Uma «reforma» que manterá tudo na mesma
Em Março de 2020, a Comissão Europeia (CE) decidiu propor a activação da «cláusula de derrogação de âmbito geral do Pacto de Estabilidade e Crescimento» (PEC). Esta cláusula continua activa e assim deverá manter-se no próximo ano.
Introduzida na legislação orçamental da UE em 2011, no chamado «pacote de seis medidas», esta cláusula permitiria aos Estados-membros um desvio «temporário coordenado e ordenado relativamente aos requisitos normais» do PEC, permitindo-lhes tomar medidas orçamentais para fazer face a períodos de grave recessão económica.

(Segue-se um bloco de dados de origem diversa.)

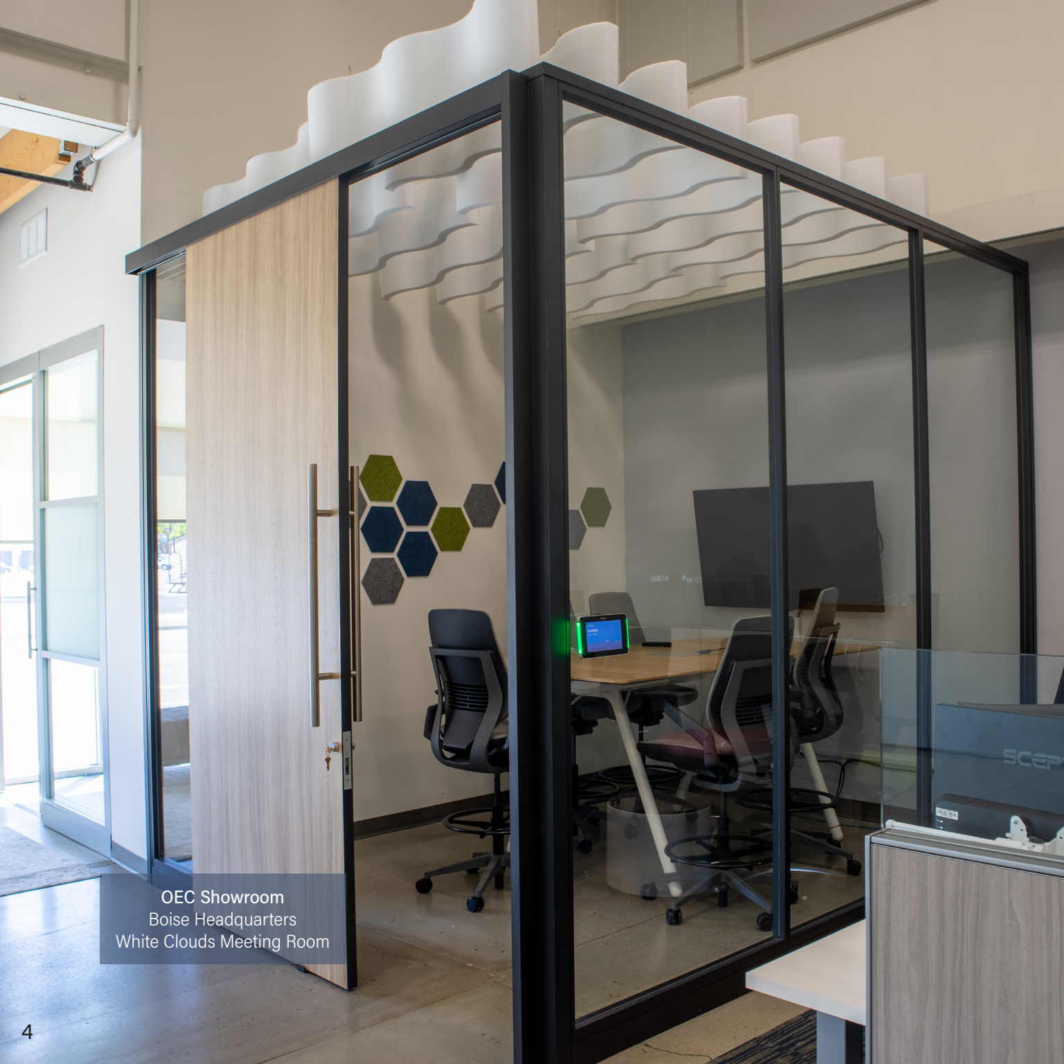
OEC Showroom Boise Headquarters White Clouds Meeting Room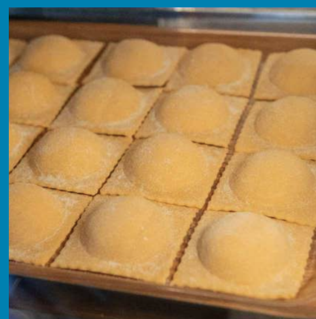
Burrata Ravioli (fresh pasta - 5 pcs) 340

* Price is subject to govt. tax * Delivery fee is excluded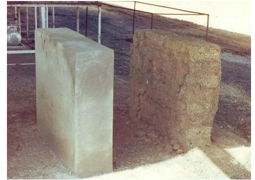
Figure 15: Difference between coated and uncoated walls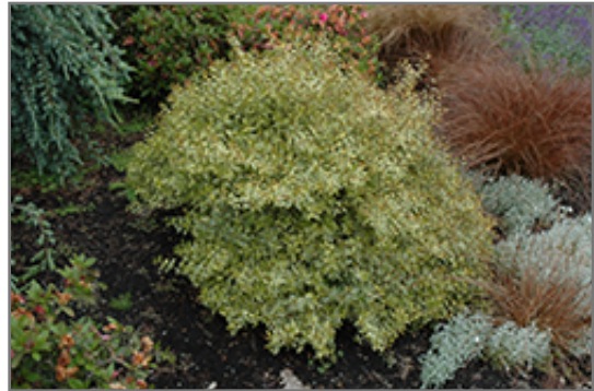
Sunrise Abelia

This shrub will require occasional maintenance and upkeep, and is best pruned in late winter once the threat of extreme cold has passed. It is a good choice for attracting birds, bees and butterflies to your yard, but is not particularly attractive to deer who tend to leave it alone in favor of tastier treats. It has no significant negative characteristics.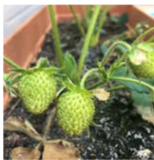
LKS2 Runner up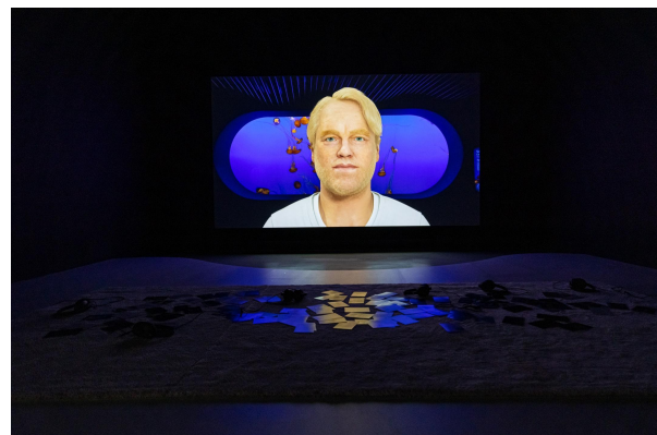
Cécile B. Evans, Hyperlinks or It Didn't Happen, 2014.

Bringing together local and international artists to explore the unstable relationships between identity, agency, and authenticity in our age of boundless digital consumption and hyper-mediation, Proof of Personhood investigates the nature of personhood and contemporary life in the 21<sup>st</sup> century. Taking advanced technology as both subject and medium, the works in the exhibition engage with interactive software, AI-synthesized images, and biometric and genomic data to contemplate and critique technologies deeply ingrained in everyday life, such as one's online presence, artificial intelligence, and data capture.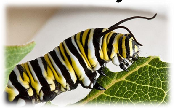
Eric Heupel CC BY-NC 2.0

Time to eat AGAIN! Rub your tummy 20 times & say YUM.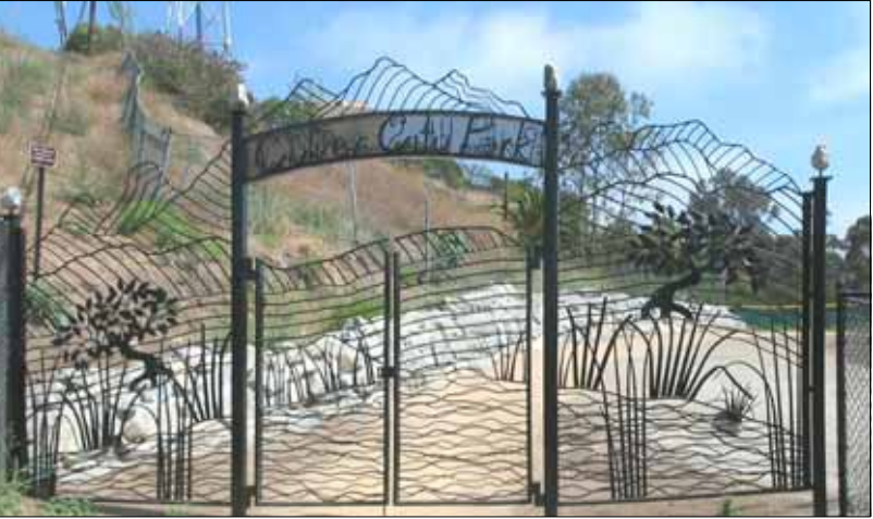
Gate to Culver City Park ballfields from Scenic Overlook road

See the "Rain Gardens" article on page 10. The Restoration and Stewardship project at the Mar Vista Family Center at Slauson Avenue is on-going, as is the MRCA's project with the LA Conservation Corps' planting native landscaping from Inglewood Blvd. to Sawtelle Blvd.

Se, em abstracto, esta activação permitiria aos Estados-membros alguma flexibilidade no estabelecimento das suas políticas económicas e financeiras em períodos de «crise», na realidade, as coisas fiam mais fino: as regras da dita cláusula dispõem que os Estados-membros «podem ser autorizados a desviarem-se temporariamente da trajectória de ajustamento ao objectivo orçamental de médio prazo (...), desde que tal não ponha em risco a sustentabilidade orçamental a médio prazo». Ou seja, na prática, a flexibilidade permitida por esta derrogação é francamente mais limitada do que aquilo que tem sido alardeado. As pressões e chantagens, os diversos procedimentos relativos ao PEC, mantêm-se, por exemplo, através das «avaliações anuais de crescimento» e das «recomendações por país». Portugal foi bem exemplo de que os constrangimentos orçamentais não desapareceram neste período «excepcional», bem pelo contrário.
Em Outubro de 2021, a CE lançou uma consulta pública sobre uma anunciada «reforma da Governação Económica da UE», pedindo sugestões e propostas para alteração do actual quadro legislativo, tendo presente o objectivo de reduzir o défice sem cortar no investimento ou comprometer o crescimento. Deste processo ainda não resultou nenhuma proposta concreta, que tem vindo a ser sucessivamente adiada.
Esta semana, porém, vários órgãos de comunicação social noticiaram que a coligação que governa na Alemanha tinha chegado a um entendimento relativamente à dita reforma. Sem surpresas, este entendimento defrauda a expectativa daqueles que aguardavam uma maior flexibilidade e algum alívio face ao espartilho das regras orçamentais da UE.
Provavelmente, agora que a Alemanha terá decidido, os resultados da consulta pública da CE e da sua profunda reflexão serão conhecidos nos próximos tempos e certamente não irão destoar da posição alemã.
Os deputados do PCP no PE há muito que vêm propondo uma solução para eliminar o pesado rol de condicionamentos associados à governação económica da UE: a sua revogação, a eliminação da densa teia de instrumentos e mecanismos que constrangem a margem de manobra dos Estados na definição e implementação das suas estratégias de desenvolvimento soberano. É por isto que nos continuaremos a bater.